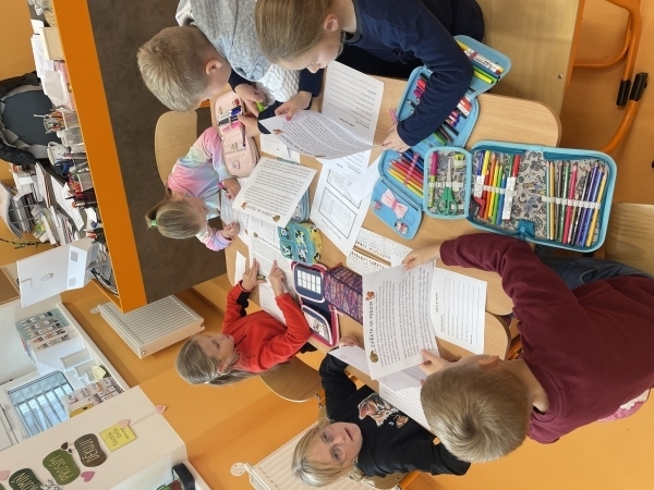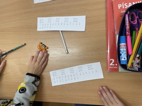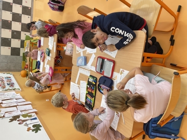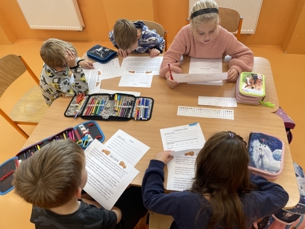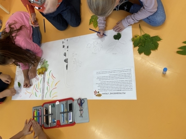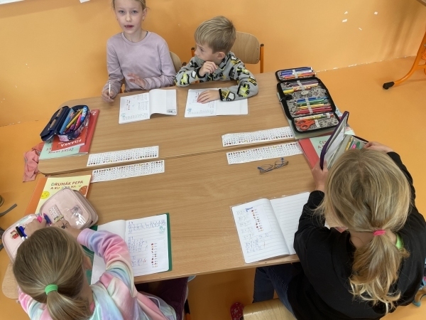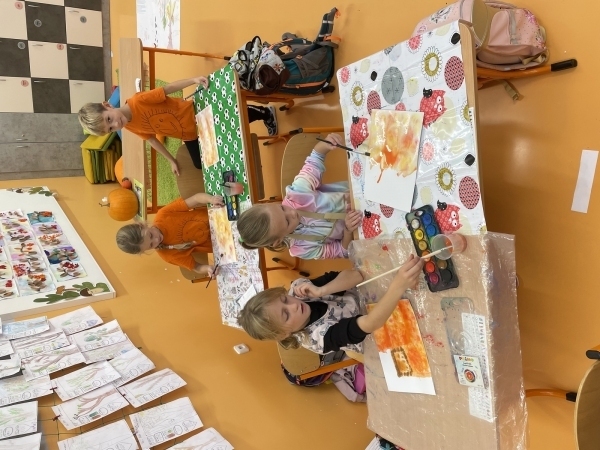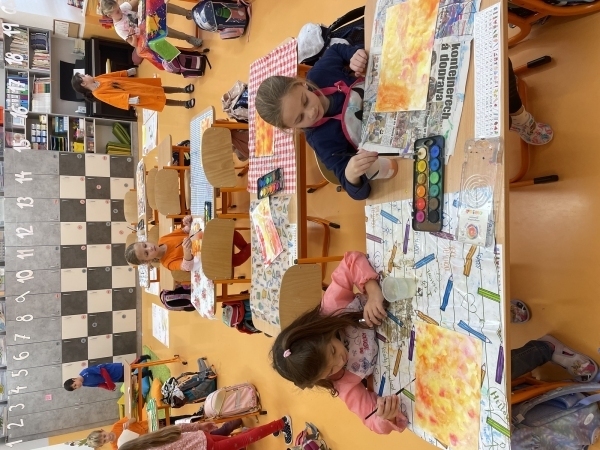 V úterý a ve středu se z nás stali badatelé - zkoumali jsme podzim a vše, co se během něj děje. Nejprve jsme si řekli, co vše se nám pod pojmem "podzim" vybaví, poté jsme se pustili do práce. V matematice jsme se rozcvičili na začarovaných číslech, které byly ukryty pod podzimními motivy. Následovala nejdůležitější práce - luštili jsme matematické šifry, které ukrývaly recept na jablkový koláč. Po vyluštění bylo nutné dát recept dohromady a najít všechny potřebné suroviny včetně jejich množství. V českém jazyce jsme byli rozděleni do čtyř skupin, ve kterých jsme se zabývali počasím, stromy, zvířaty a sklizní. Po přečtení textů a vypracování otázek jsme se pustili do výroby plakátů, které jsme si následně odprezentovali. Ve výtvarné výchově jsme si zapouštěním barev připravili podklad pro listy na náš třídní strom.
^^^^^^^^
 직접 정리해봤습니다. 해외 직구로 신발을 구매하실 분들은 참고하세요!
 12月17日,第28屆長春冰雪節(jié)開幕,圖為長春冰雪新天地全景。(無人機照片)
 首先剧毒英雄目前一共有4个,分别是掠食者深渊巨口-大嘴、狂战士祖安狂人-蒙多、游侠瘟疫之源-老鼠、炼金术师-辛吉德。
^^^^^^^^
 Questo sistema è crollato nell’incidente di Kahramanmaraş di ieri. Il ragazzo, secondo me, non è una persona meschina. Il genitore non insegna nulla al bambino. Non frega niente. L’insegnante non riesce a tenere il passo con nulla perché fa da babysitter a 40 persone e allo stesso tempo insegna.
^^^^^^^^
EXERCISE — Your reply is to repeat, unchanged, the lines above running from the one with "12月17日,第28屆長春冰" up to and including the one with "首先剧毒英雄目前一共有4个,分别是掠食者".

COMPLETED EXERCISE —
 12月17日,第28屆長春冰雪節(jié)開幕,圖為長春冰雪新天地全景。(無人機照片)
 首先剧毒英雄目前一共有4个,分别是掠食者深渊巨口-大嘴、狂战士祖安狂人-蒙多、游侠瘟疫之源-老鼠、炼金术师-辛吉德。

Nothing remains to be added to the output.